By Tony Parra
Bill Richardson says he is serious about education reform and he will be in eastern New Mexico on Wednesday to explain why changes should be made.
Richardson will speak at 2:15 p.m. at Yucca Junior High School in Clovis and then at 4:30 p.m. at Portales High School. Officials said he will also answer questions about changes he is proposing to the state Constitution.
One proposed amendment would transfer the state Department of Public Education to a Cabinet department, headed by a secretary of public education.
Another would send more money directly into classrooms and raise teacher salaries by drawing funds from the state’s Permanent Fund.
The constitutional election is Sept. 23.
“Some people like one of the amendments, but do not like the other amendment,” Deputy Communications Director Gilbert Gallegos said. “In order for us to be serious about education reform, (the governor feels we) need to pass both amendments.”
Rep. Brian Moore, R-Clayton, counts himself among those divided in their support. Moore agrees with Richardson that the current state school board is ineffective and ripe for change. He is opposed to boosting education with Permanent Fund dollars, calling it a “raid on our grandchildren’s permanent endowment,” in a recent letter to the editor of the Clovis News Journal.
Portales schools superintendent Jim Holloway said he has questions about Richardson’s plans.
“I need more clarifications on how these amendments are going to work,” he said. “What is going to happen in the future when the legislative body changes? Will that cause problems in our funding? How much power will the secretary of education have?”
The first amendment calls for elimination of the Superintendent of the Board of Education and the five members appointed by the governor to the State Board of Education.
“The secretary of education will report directly to the governor,” Gallegos said. “He will be more accountable and will have a direct line of communication to the governor. This eliminates any of the arguing that goes on between the superintendent and the board of education.”

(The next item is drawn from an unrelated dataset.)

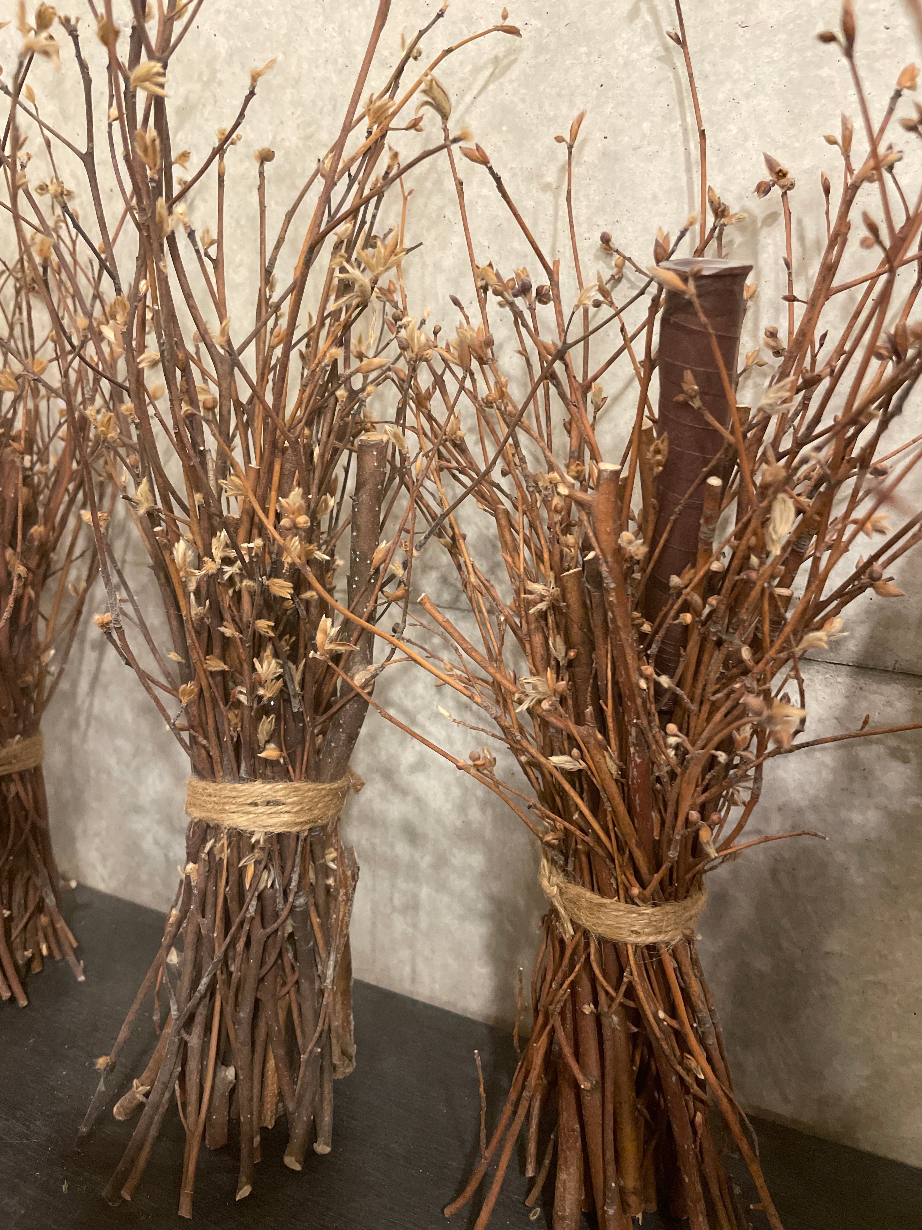 黒文字の枝をドライにしたものを立つように束ねたブーケです。

Currently the State Board of Education consists of 15 members, 10 elected and five by the governor. The superintendent is Michael Davis.
The second amendment would increase school funds by drawing from the Permanent Fund, an endowment established when New Mexico became a state.
“The permanent school fund right now consists of $6.8 billion,” Gallegos said. “There would be an increase of 4.7 percent after one year and in a 12-year span (the school fund) would increase between 5 to 5.8 percent a year.”
Holloway said both issues have sparked debate in the community.
“A lot of people are unsure and hopefully the governor will provide them with clarification,” he said.